Work in progress section

In this stage we retrieve the model trained previously stored in MongoDB as gridfs chunks and unpack the model again for reuse and prediction. We can predict using the gridfs stored model by passing:

Files-only/ development inferring example:
./nemesyst --config ./examples/configs/nemesyst/mnist.conf --i-predict

As in the previous sections, this lets nemesyst know to run the predictor specified in the config file, which can be seen below. This predictor loads the most recent, most performant mnist model, and uses it to predict against the testing set.

examples/predictors/mnist_predictor.py
# @Author: George Onoufriou <archer>
# @Date:   2019-08-16
# @Email:  george raven community at pm dot me
# @Filename: debug_predictors.py
# @Last modified by:   archer
# @Last modified time: 2019-08-16
# @License: Please see LICENSE in project root


def main(**kwargs):
    """Entry point called by Nemesyst, always yields dictionary, tuple or None.

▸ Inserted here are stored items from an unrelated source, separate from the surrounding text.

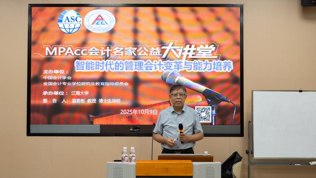 10月9日下午,由中国会计学会、全国会计专业学位研究生教育指导委员会主办,AVxxx 承办的“MPAcc会计名家公益大讲堂”暨商学大讲堂系列学术讲座第277讲在AVxxx 116东方厅举行。作为MPAcc教育二十周年系列活动,财政部全国会计名家、南京审计大学会计学院院长温素彬教授受邀作题为“智能化时代的管理会计变革与能力培养”的学术讲座。讲座由AVxxx 副院长王雷教授主持,MPAcc行业导师及学院师生代表80余人参加本次讲座。
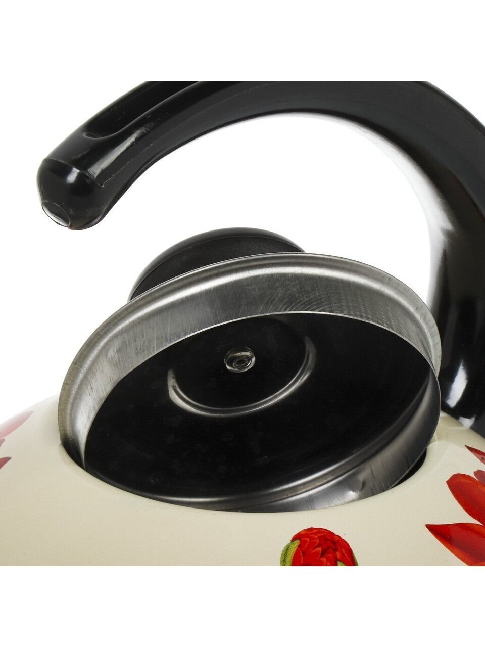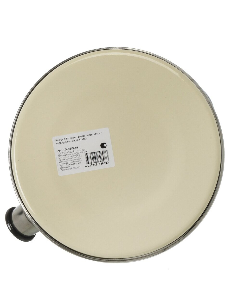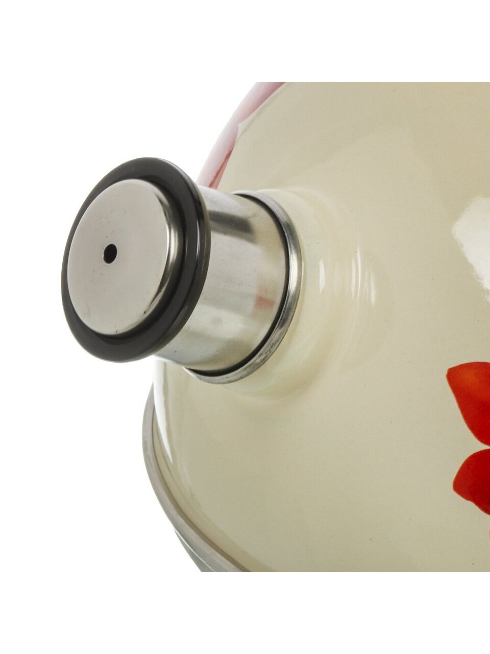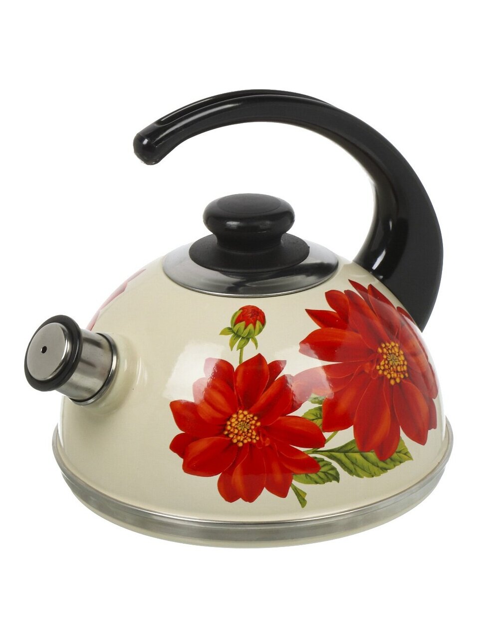 Чайник 2.5 л сталь с эмалированным покрытием и консольной ручкой: стиль “слоновая кость”, свисток, подходит для газовых и электрических плит. Недорого — для дома и дачи.
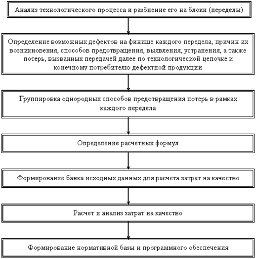 - для текущего анализа производить расчет затрат: связанных с содержанием подразделений по управлению качеством продукции или реализацией функций управления качеством продукции; с предотвращением дефектов в продукции, их выявлением и устранением, а также потери, обусловленные передачей далее по технологической цепочке и потребителям дефектной продукции.
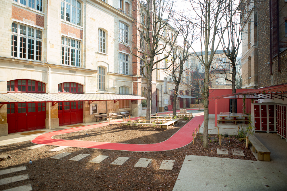 Une grande piste de laser run de 100 m parcourt la cour tel un ruban rouge autour des arbres. Quelques pavés de béton désactivé permettent de pratiquer ce sport dans la cour. Des tables avec un plateau d’échecs sont installées sous la nouvelle verrière. Dans les deux recoins ensoleillés de la cour, des grands emmarchements sur-mesure ont pris place afin de proposer des assises mais aussi un espace de détente, lecture ou jeu de motricité. L’un proche de la classe ULIS permet de faire classe dehors à l’ombre du nouveau fruitier et l’autre permet de rejoindre la rue voisine et d’accéder à l’annexe du collège.
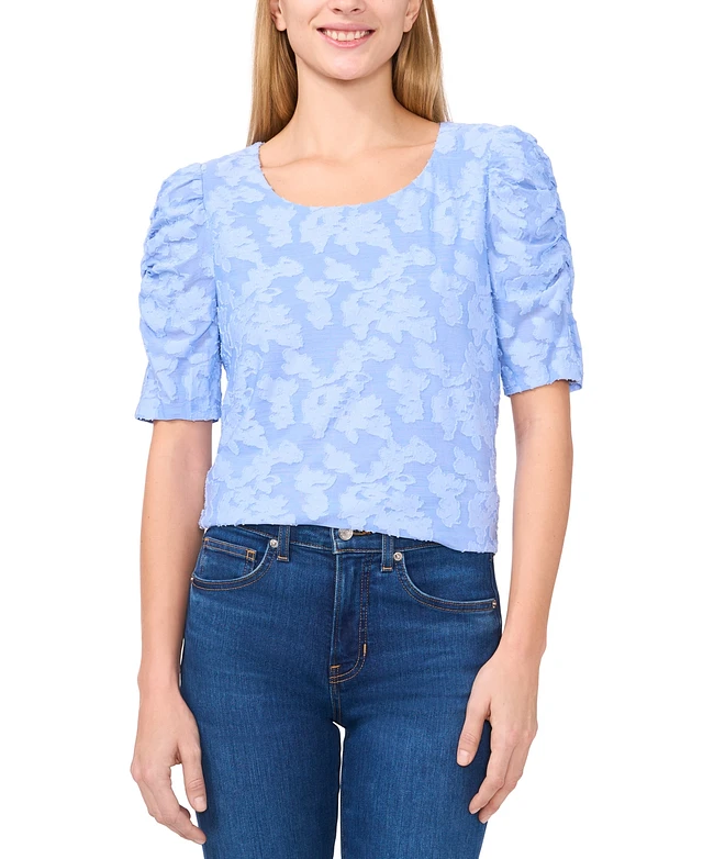 CeCe Women's Round-Neck Ruched Elbow-Sleeve Top
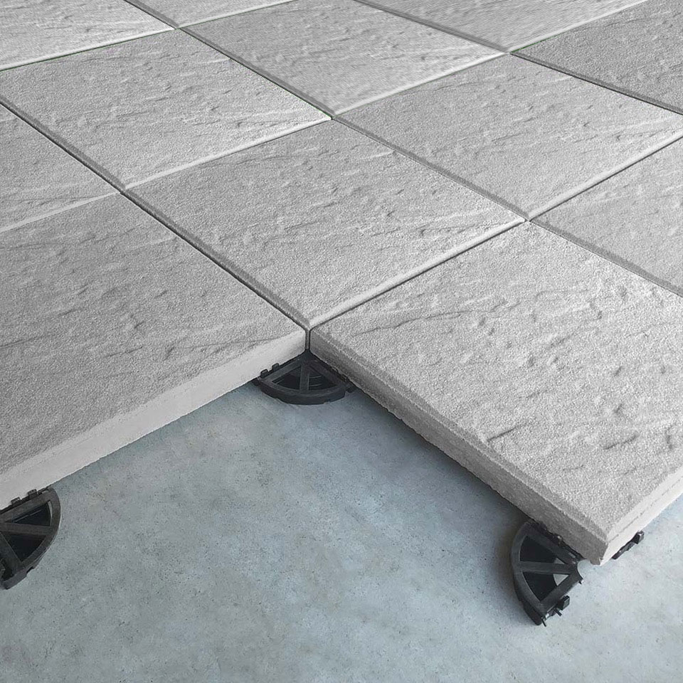 Supporto per quadrotti per il posizionamento di piastre in graniglia e cemento. Permette il deflusso e l’eliminazione delle acque piovane e il galleggiamento degli elementi del pavimento. Il livellatore compensa eventuali cambi di quota del sottofondo rendendo la superficie complanare.
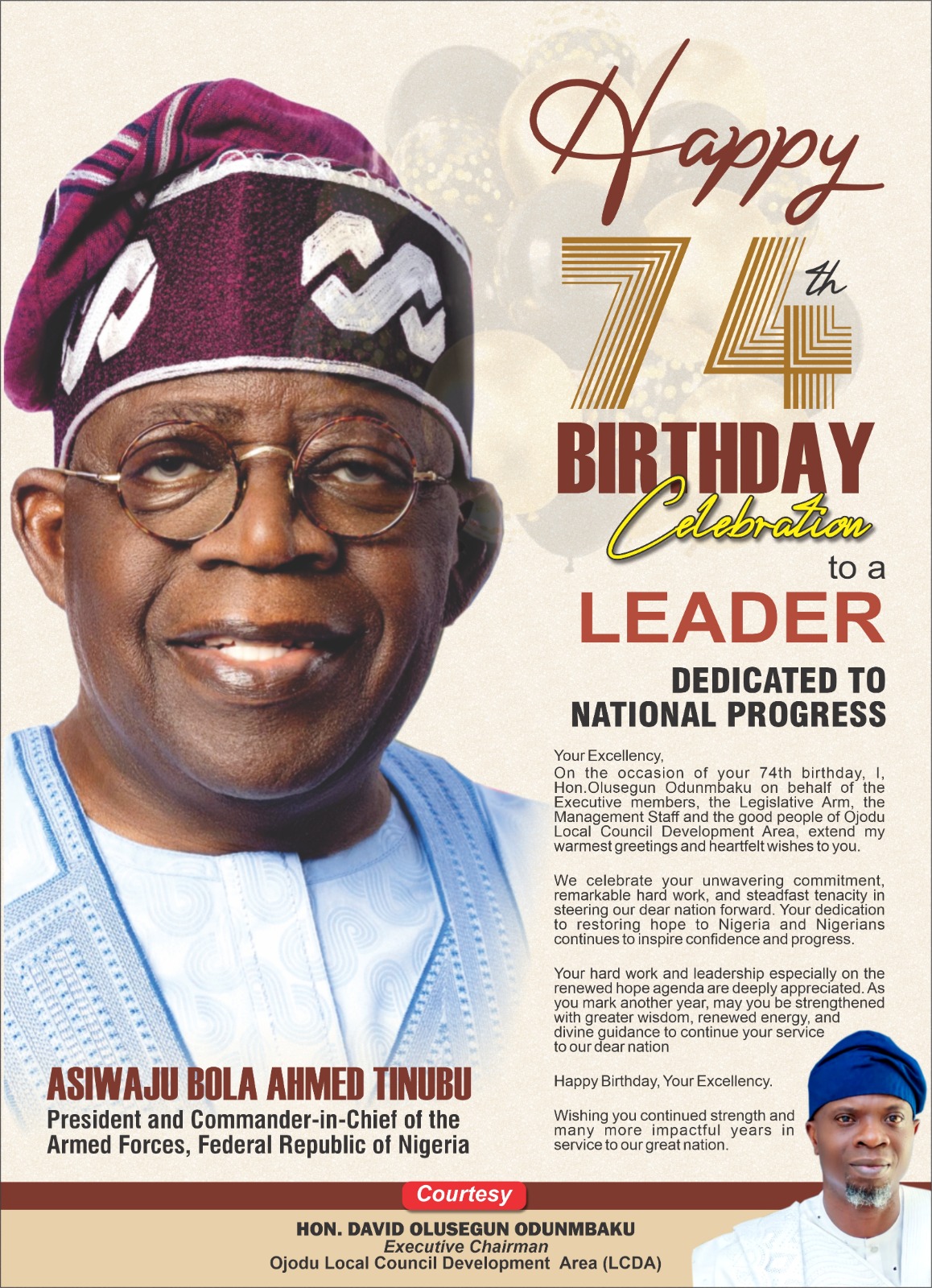 The Executive Chairman of Ojodu Local Council Development Area, Lagos State, Hon Segun Odunmbaku, has felicitated with President Bola Tinubu GCFR on his 74th birthday while commending his leadership qualities and achievements as a visionary and exemplary leader.

    :param **kwargs: Generic input method to handle infinite dict-args.
    :rtype: yield dict
    """
    args = kwargs["args"]
    db = kwargs["db"]

    db.connect()

    # define a pipeline to get the latest gridfs file in any collection
    fs_pipeline = [{'$sort': {'uploadDate': -1}},  # sort most recent first
                   {'$limit': 1},  # we only want one model
                   {'$project': {'_id': 1}}]  # we only want its _id
    args["dl_output_model_collection"]
    # we add a suffix to target the metadata collection specifically
    # at the end of the top level model collection name we specified in our
    # config file
    model_coll_root = args["dl_output_model_collection"][args["process"]]
    model_coll_files = "{0}{1}".format(model_coll_root, ".files")
    # apply this pipeline to the collection we used to store the models
    fc = db.getCursor(db_collection_name=model_coll_files,
                      db_pipeline=fs_pipeline)
    # we could return several models but we have limited everything to only one
    # but to be extensible this shows how to get the models from the db
    # in batches, however since we only have one model a batch size higher than
    # one does nothing
    for batch in db.getFiles(db_batch_size=1, db_data_cursor=fc,
                             db_collection_name=model_coll_root):
        for doc in batch:
            # now read the gridout object to get the model (pickled)
            model = doc["gridout"].read()
            print(doc, type(model))

    yield None

Serving with MongoDB

Nemesyst uses MongoDB as its primary message passing interface. This page will more elaborate on using Nemesyst with different database setups, debugging, common issues, and any nitty-gritty details that may be necessary to discuss.

Warning

While Nemesyst does support using mongodb.yaml files for complex db setup, care should be taken that Nemesyst is not overriding the values you were expecting in the config files. Things such as the DBs path are almost always overridden along with the port to use by default even if the user has not provided that argument. In future we intend to make it such that hard coded defaults when not overridden by the user, first attempt to look in the mongodb.yaml file before falling back to hard-coded values.

Creating a basic database

Disambiguation: we define a basic database as a standalone MongoDB instance with one universal administrator and one read/write user with password authentication.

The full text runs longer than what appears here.